Sainsbury's profits drop 40% after £485m of Covid costs hit
UK supermarket Sainsbury’s has reported that profits dropped by nearly 40 per cent last year due to more than £400m of Covid-19 costs.
Sainsbury’s, which has more than 1,000 stores across the UK, saw profit before tax drop by 39 per cent in 2020, falling from £586m to £356m.
The company, which also owns catalogue retailer Argos, said that the decrease was despite “strong” sales growth, which was offset by £485m of direct Covid-19 costs.
Digital sales during the year grew by 102 per cent, with sales in its grocery division up by 7.8 per cent and general merchandise sales up by 8.3 per cent.
However, fuel sales decreased by 39.1 per cent, dropping from £4.9bn to £3bn during the period.
This comes after the chain’s announcement in November that it was aiming to put food “back at the heart” of its operations.
Simon Roberts, chief executive of Sainsbury’s, commented: “Above all else, I want to recognise the extraordinary job that my colleagues have done over the last 12 months.
“Their efforts have been nothing short of heroic as our entire team went above and beyond every day for our customers and communities.
“I am enormously grateful to the whole team for the way they have risen to the huge challenges this year and so selflessly looked after our customers and each other.
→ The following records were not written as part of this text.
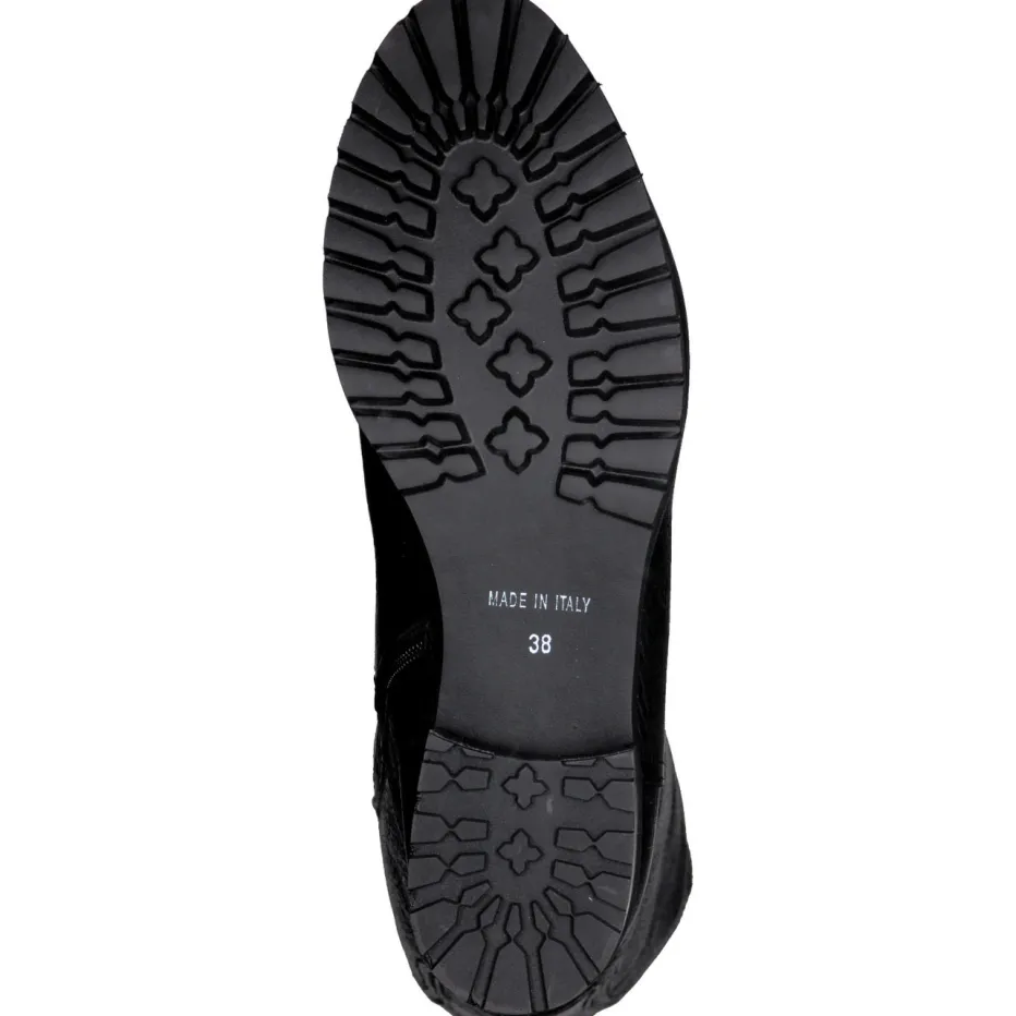 Der kniehohe Stiefel von Mannori verbindet hochwertiges Kalbleder mit wärmendem Lammfellfutter und klarer Reitstiefel-Silhouette. Made in Italy mit klassischer Ausstrahlung und hohem Tragekomfort.
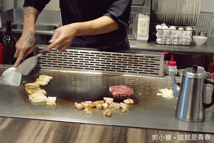 | 羅西先生鐵板料理感覺起來是一對夫妻經營的,羅西先生負責站鐵板台,另一個人幫忙其他大小事務跟結帳,雖然人潮很多但是並沒有太大的油煙味,且店內的裝潢還算是小清新,一身黑制服的羅西先生感覺頗為帥氣。 |
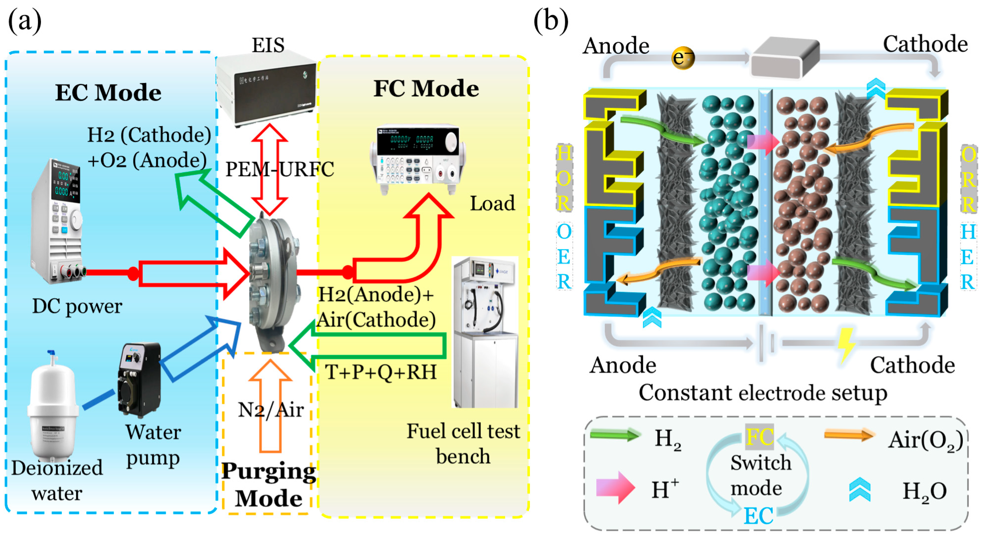 - Hu, Y.; Li, Y.; Ren, P.; Wang, D.; Song, X.; Zhu, Z.; Zhang, L.; Pei, P. Impedance Investigation and Switching Strategy Study of Constant-Electrode Unitized Regenerative Fuel Cell from Electrolytic Cell Through Purging to Fuel Cell. Energy 2024, 32, 137327. [Google Scholar] [CrossRef]
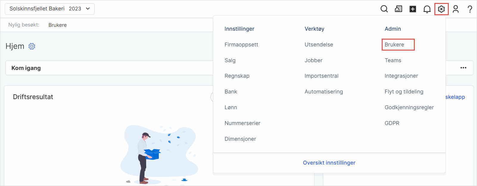 Gå til Innstillinger i toppmenyen og velg Brukere.
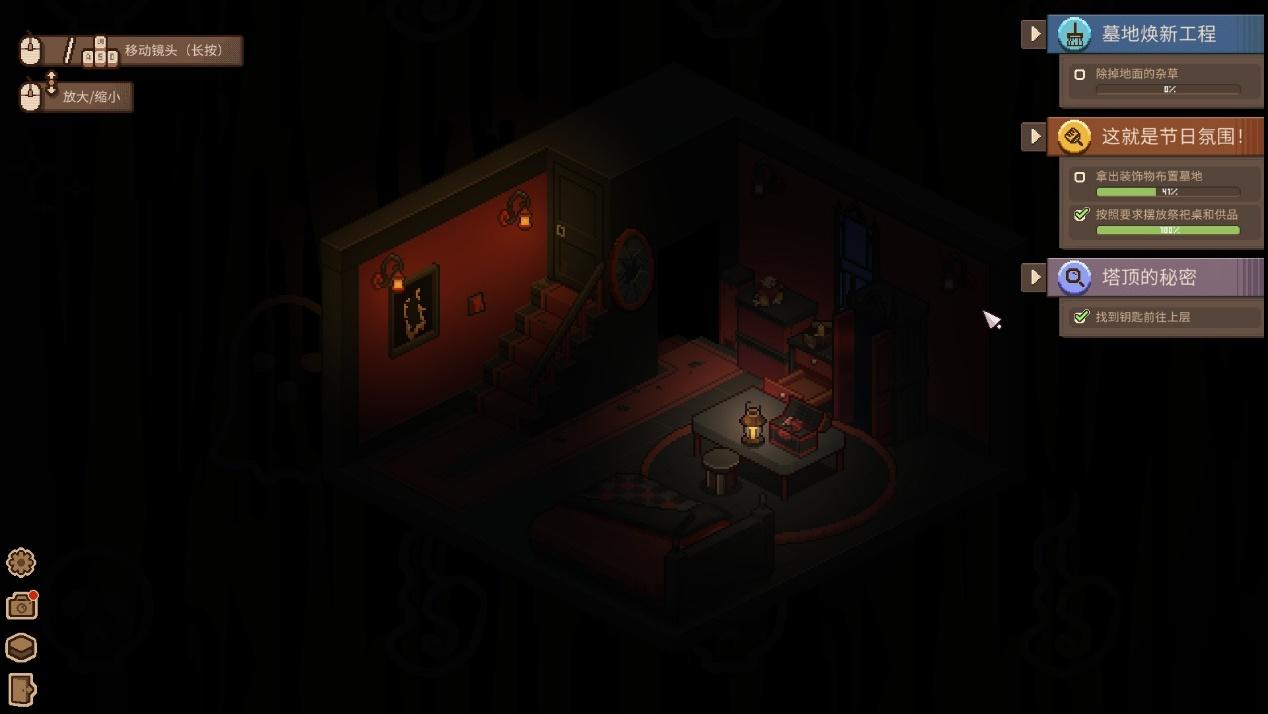 游戏中居民给我们的委托除了装修外,还有找猫猫、打扫卫生、整理家务…甚至还有帮派的遗物整理,当然我们的委托地点不仅仅只是公寓,还有酒馆、花店、墓地、烘焙房、便利店地下室等等各种场景,真的非常丰富,有时候甚至会带有些解谜的味道,比如恐怖的墓地塔楼。
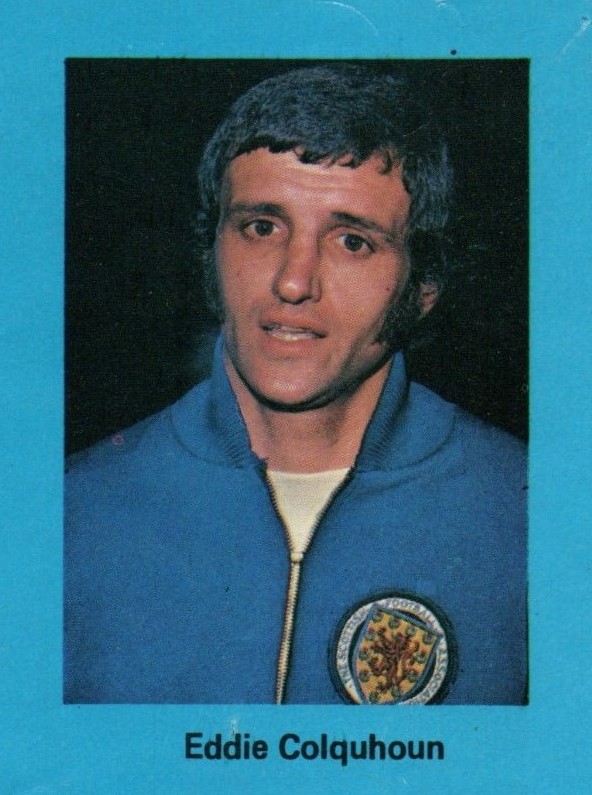 Player #41. October 13th, 1971 and the Tommy Docherty era begins with a 2-1 win over Portugal. Making his first appearance in the 1970s is Eddie Colquhoun of Sheffield United. Eddie was winning his third cap having played in the 1967 World tour. He was to win 11 caps altogether.
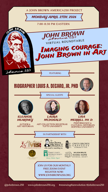 John Brown: America250 is hosting a free virtual roundtable discussing the intersection of 19th-century portraiture and modern archival preservation. Host Louis A. Decaro Jr., Ph.D., will be joined by Eleanor Heartney, Laura McDonald, and Lisa Merrill, Ph.D. To learn more about the John Brown: America250 coalition and register for this event, click here or visit johnbrown250.org.
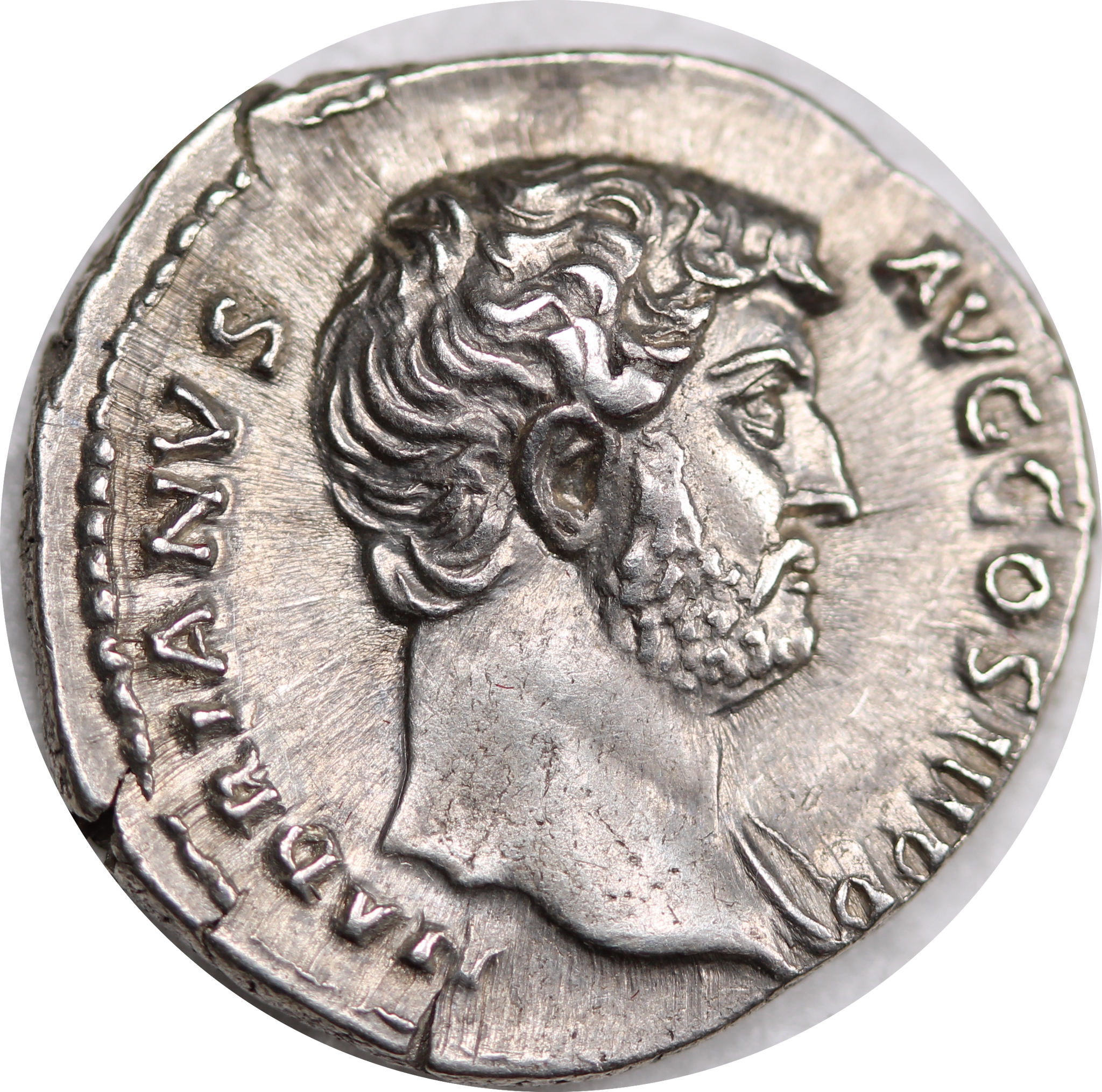 This silver denarius was struck under the reign of Emperor Hadrian (AD 117–138) at the Rome mint. The obverse features a finely rendered, bare-headed and draped bust of Hadrian facing right. Surrounding the portrait is the inscription HADRIANVS AVG COS III PP, which translates to "Hadrian Augustus, Consul for the third time, Father of the Nation." This legend emphasizes Hadrian’s established role as a seasoned and respected ruler by the time of this issue. The bust is executed in the high style typical of the period, with lifelike detail that reflects the emperor’s reputation as a cultured, intellectual leader.
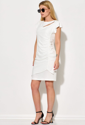 Платье женское короткое зауженная к низу прилегающего силуэта с коротким втачным рукавом крылышком по переду обработан декоративный подрез с вырезом. Платье ассиметричное по переду с отрезным бачком со сборкой с левой стороны. По спинке обработаны талиевые вытачки, спинка на подкладке. В боковом шве обработана потайная тесьма молния.
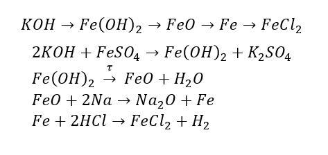 Пример: Гидроксид калия → гидроксид железа (II) → оксид железа (II) → железо → хлорид железа (II)
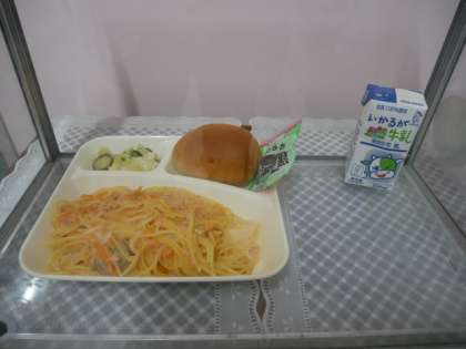 今日の給食の献立は、「黒糖パン(1/2)、牛乳、鮭のクリームスパゲッティ、キャベツときゅうりのサラダ、ソフト黒豆」でした。

“We have put our colleagues and customers first every step of the way and, as a result, delivered industry-leading safety in our stores and record levels of customer satisfaction.
“In a year like no other, our industry has stepped up and worked tirelessly across food supply chains to feed the nation and we are very proud of the part Sainsbury’s has played.
“I also want to especially recognise our suppliers for all their support and partnership throughout this year in keeping goods flowing for our customers. They have done a fantastic job.
“This year’s financial results have been heavily influenced by the pandemic. Food and Argos sales are significantly higher, but the cost of keeping colleagues and customers safe during the pandemic has been high.
“Our full-year direct Covid-19 costs were £485 million, leading to a 39 per cent decrease in full-year underlying profit.
“We are pleased to propose a full-year dividend which is in line with last year, protecting shareholder income from the full impact of COVID-19 on profits.
“We have a bold three-year plan to put food back at the heart of Sainsbury’s and drive improved performance.
“We are transforming the way we work and I am encouraged by how all of our teams have responded and the early momentum and performance towards our plan.
“We have accelerated our digital transformation this year as we focus on serving customers however they want to shop with us.
“We have more than doubled our online grocery sales and have done this while improving profitability.
“Argos digital sales grew almost 70 per cent and our Argos transformation plan is on track to improve customer availability while reducing our costs.
“Like our customers, we are all looking forward to things feeling more normal over the coming months and getting excited about a summer of celebration, but we are also cautious about the economic outlook.
“While there is much that we cannot predict in the year ahead, we are absolutely focused on delivering for our customers and shareholders.”